I got it correct the previous time and I see what you mean. My proposal was a bit holistic in a way:

  1. Basic single YAML file:
project_dir/
  my_yaml1.yaml  // adds ./custom_mask_extension.py in the "with" 
  custom_mask_extension.py  // registers ./this_custom_mask.nii.gz
  this_custom_mask.nii.gz
  README.md
  .juniferignore

.juniferignore:

README.md
  1. Basic multi YAML file:
project_dir/
  my_yaml1.yaml  // adds ./custom_mask_extension.py in the "with"
  my_yaml2.yaml
  custom_mask_extension.py  // registers ./this_custom_mask.nii.gz
  this_custom_mask.nii.gz
  README.md
  .juniferignore

.juniferignore:

README.md
  1. Advanced single YAML file:
project_dir/
  README.md
  junifer_yamls/
    my_yaml1.yaml  // adds ../external/juni-farm/masks/custom_mask_extension.py in the "with" section
  external/
    juni-farm/
      data/
        masks/
          this_custom_mask.nii.gz
      masks/
        custom_mask_extension.py  // registers ../data/masks/this_custom_mask.nii.gz

.juniferignore:

README.md
  1. Advanced multi YAML file:
project_dir/
  README.md
  junifer_yamls/
    my_yaml1.yaml  // adds ../external/juni-farm/masks/custom_mask_extension.py in the "with" section
    my_yaml2.yaml
  external/
    juni-farm/
      data/
        masks/
          this_custom_mask.nii.gz
      masks/
        custom_mask_extension.py  // registers ../data/masks/this_custom_mask.nii.gz

.juniferignore:

README.md
fraimondo commented 1 year ago

But with your approach a junifer config goes from a yaml file to a directory structure. This will mean that the queue command will end up copying the ENTIRE juni-farm. What if the relative path is even outside project_dir? Like from another project?

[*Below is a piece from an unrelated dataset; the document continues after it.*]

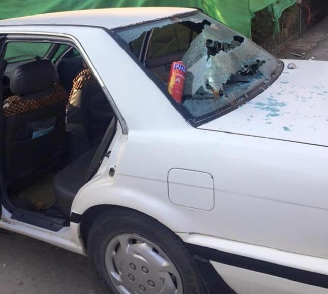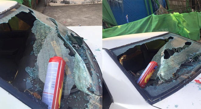 Đến khoảng 16h15, anh bỗng dưng nghe thấy một tiếng nổ lớn phát ra từ khu vực để xe của mình. Khi chạy ra, anh phát hiện chiếc bình cứu hỏa mini để ở khu vực hàng ghế sau phát nổ khiến toàn bộ kính vỡ vụn.
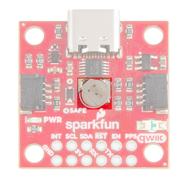 The small metal disk opposite of the Qwiic connector is a small lithium battery. This battery does not provide power to the IC like the 3.3V system does, but to relevant systems inside the IC that allow for a quick reconnection to satellites. The time to first fix will about ~29 seconds, but after the product has a lock, that battery will allow for a one second time to first fix. This is known as a hot start and lasts for four hours after the board is powered down. The battery provides over a years worth of power to the backup system and charges slowly when the board is powered.

For me, it makes things too complicated. We need to consider the logic from our side, modifying the user's behaviour as less as possible.

synchon commented 1 year ago

But with your approach a junifer config goes from a yaml file to a directory structure. This will mean that the queue command will end up copying the ENTIRE juni-farm. What if the relative path is even outside project_dir? Like from another project?

For me, it makes things too complicated. We need to consider the logic from our side, modifying the user's behaviour as less as possible.

I see your point and have no arguments against it. For me, a documented directory structure brings order to chaos and keeps the user and devs on same page, else I have usually found it to not go down well. Those were my two cents.